1/32
Vocabulary flashcards summarising the principal terms and definitions related to Unit 5 (Correlation) of the Basics of Statistics & Mathematics course.
Name | Mastery | Learn | Test | Matching | Spaced |
---|
No study sessions yet.
Correlation analysis
A statistical technique used to measure the strength and direction of the relationship between two quantitative variables.
Coefficient of correlation (r)
A unit-less numerical value (−1 to +1) that quantifies the degree and direction of linear association between two variables.
Strength (of correlation)
Indicates how closely plotted data points cluster around a straight reference line; the nearer to ±1, the stronger the linear relationship.
Direction (of correlation)
Shows whether variables move together (positive) or in opposite directions (negative) when one variable changes.
Positive correlation
An association in which the values of two variables move in the same direction—both increase or both decrease.
Negative correlation
An association in which the values of two variables move in opposite directions—one increases while the other decreases.
Linear correlation
A relationship in which paired values change at a constant or proportional rate, forming a straight-line trend on a graph.

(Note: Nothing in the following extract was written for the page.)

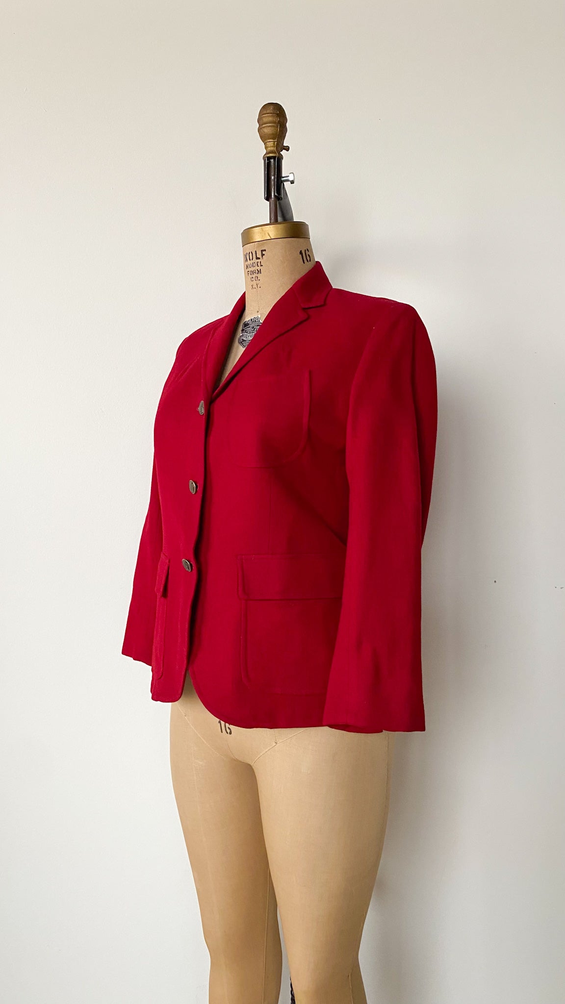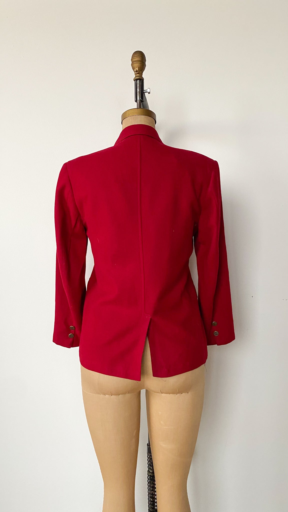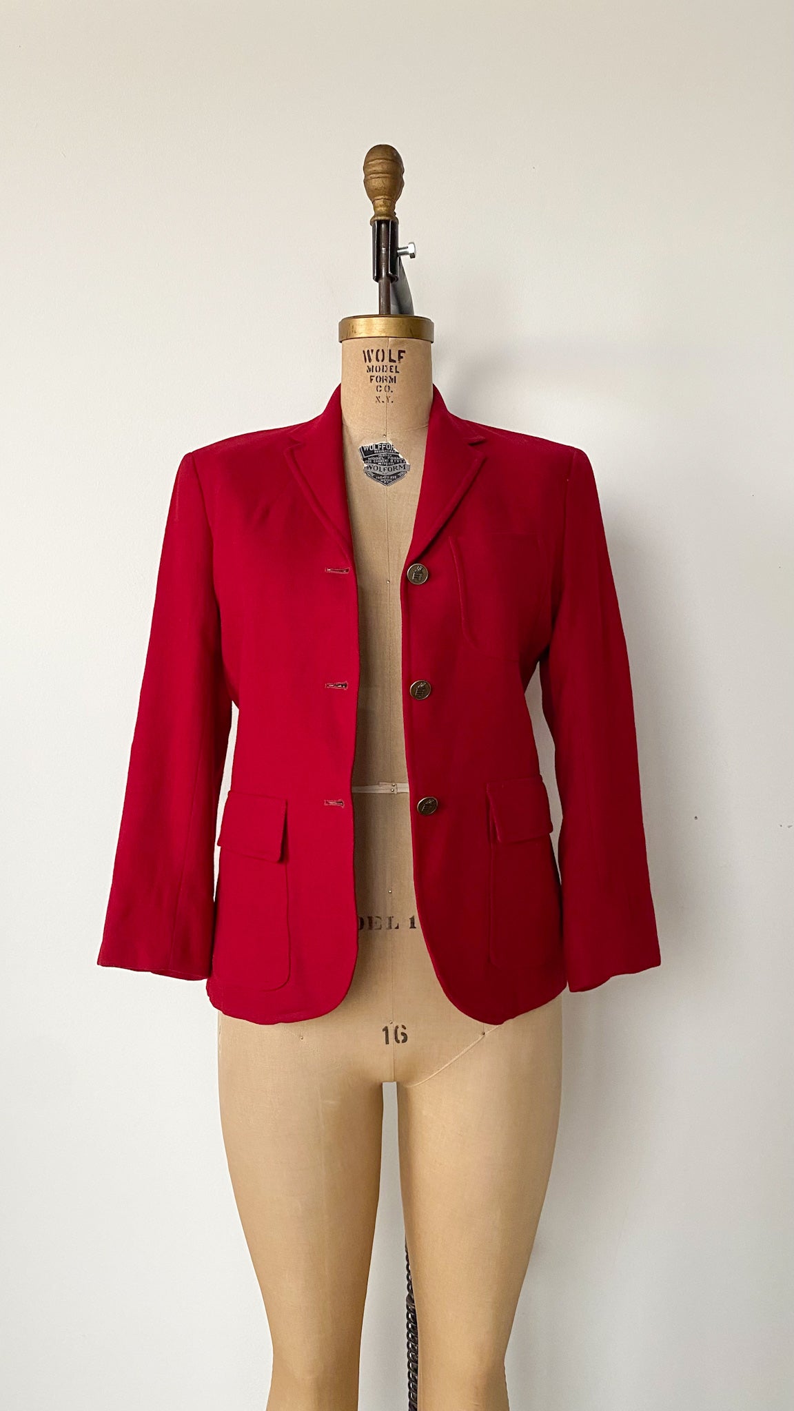 Description: Structured red bazer with bronze buttons that have a crest. There is one breast pocket and two front bottom pockets. Inner lining is a gorgeous green with illustrations of a horn and a vintage hat/whip.

Non-linear (curvilinear) correlation
A relationship where paired values do not change proportionally; plotted points follow a curved pattern rather than a straight line.
Simple correlation
Study of the association between exactly two variables.
Partial correlation
Measurement of the association between two variables while holding the effects of additional influencing variables constant.
Multiple correlation
Study of the association involving more than two variables simultaneously.
Scatter diagram
A graph that plots paired values of two variables (x, y) to provide a visual impression of their relationship.
Covariance
A statistic measuring how two variables deviate together from their respective means; basis for Pearson’s r.
Karl Pearson’s correlation coefficient
A quantitative measure of linear association, computed as covariance divided by the product of the standard deviations of x and y.
Coefficient of determination (r²)
The proportion of variance in the dependent variable that is explained by the independent variable; ranges from 0 to 1.
Standard error of correlation (SEr)
An estimate of the sampling variability of r, given by SEr = √(1 − r²)/(√n).
Probable error of correlation (PEr)
A range estimate for the population correlation, calculated as 0.675 × SEr; used to judge the significance of r.
Spearman’s rank correlation coefficient (Rho)
A non-parametric measure of association for ordinal (ranked) data, defined as R = 1 − [6Σd² / n(n² − 1)].
Ordinal data
Categorical data placed in a meaningful order (rank) without equal or known intervals between categories.
Nominal data
Categorical data consisting of labels or names with no intrinsic order or quantitative value.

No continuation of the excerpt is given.